Largest Sum

Let $\displaystyle \sum_{i=1}^3 x_i = X$ and $\displaystyle \sum_{j=1}^3 y_j =Y$

$X + Y = 2 + 3 + 5 + 7 + 11 + 13 = 41$

$\displaystyle \sum_{i=1}^3 \displaystyle \sum_{j=1}^3 x_i y_j = \displaystyle \sum_{i=1}^3 x_i \times \displaystyle \sum_{j=1}^3 y_j = X \times Y$

But $4XY = (X + Y)^2 - (X-Y)^2 \implies XY$ is maximized when $(X-Y)^2$ is minimum. $\implies (X-Y)^2 = 1$ ... (0 is Not possible as X, Y are integers adding up to 41)

This is achievable at $X = 20, Y =21$ or $X = 21, Y = 20$ (e.g. $x_i = 2, 7, 11, y_j = 3, 5, 13$ )

So ans. $20 \times 21 = \boxed{420}$

Let $x=x_1+x_2+x_3, y=y_1+y_2+y_3$ , then $x+y=2+3+5+7+11+13=41$ , and the sum in the problem is: $xy = \frac{1}{4}[(x+y)^2-(x-y)^2] = \frac{1}{4}[41^2 - (x-y)^2]$

To maximize $xy$ , $x$ and $y$ need to be as close as possible, so we can let $x=2+7+11=20$ and $y=3+5+13=21$ . Hence the largest value of the sum is $xy=420$ .

The sum we are looking for is $\sum_{i=1}^3 (x_i y_1+x_i y_2+x_i y_3)=(x_1+x_2+x_3)(y_1+y_2+y_3)$ .

Now, notice that the sum $x_1+x_2+x_3+y_1+y_2+y_3=2+3+5+7+11+13=41$ . Let $x_1+x_2+x_3=a$ and $y_1+y_2+y_3=b$ .
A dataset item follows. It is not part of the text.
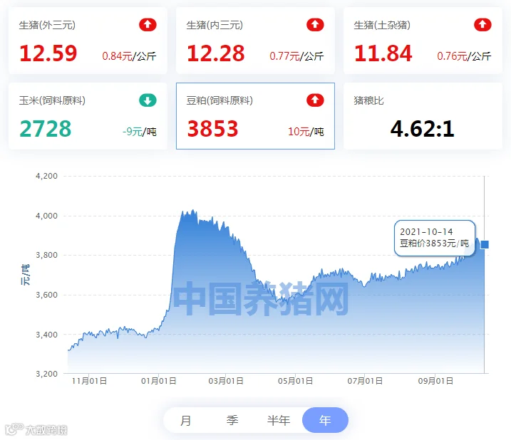 今日豆粕(饲料原料)均价3853元/吨,今日饲料原料价格价格较昨日上涨了10元/吨;

We know that $a+b=41$ , and want to maximize $ab$ . The maximum occurs at $a=20, b=21$ , or vice versa*

To show that this is attainable, let $(x_1, x_2, x_3, y_1, y_2, y_3)=(2, 7, 11, 3, 5, 13)$ . It follows that $a=2+7+11=20$ and $b=3+5+13=21$ , so $ab=\boxed{420}$

*The maximum actually occurs at $(a, b)=(\frac{41}{2} , \frac{41}{2})$ , but $a, b$ must be integers. (Do you see why?)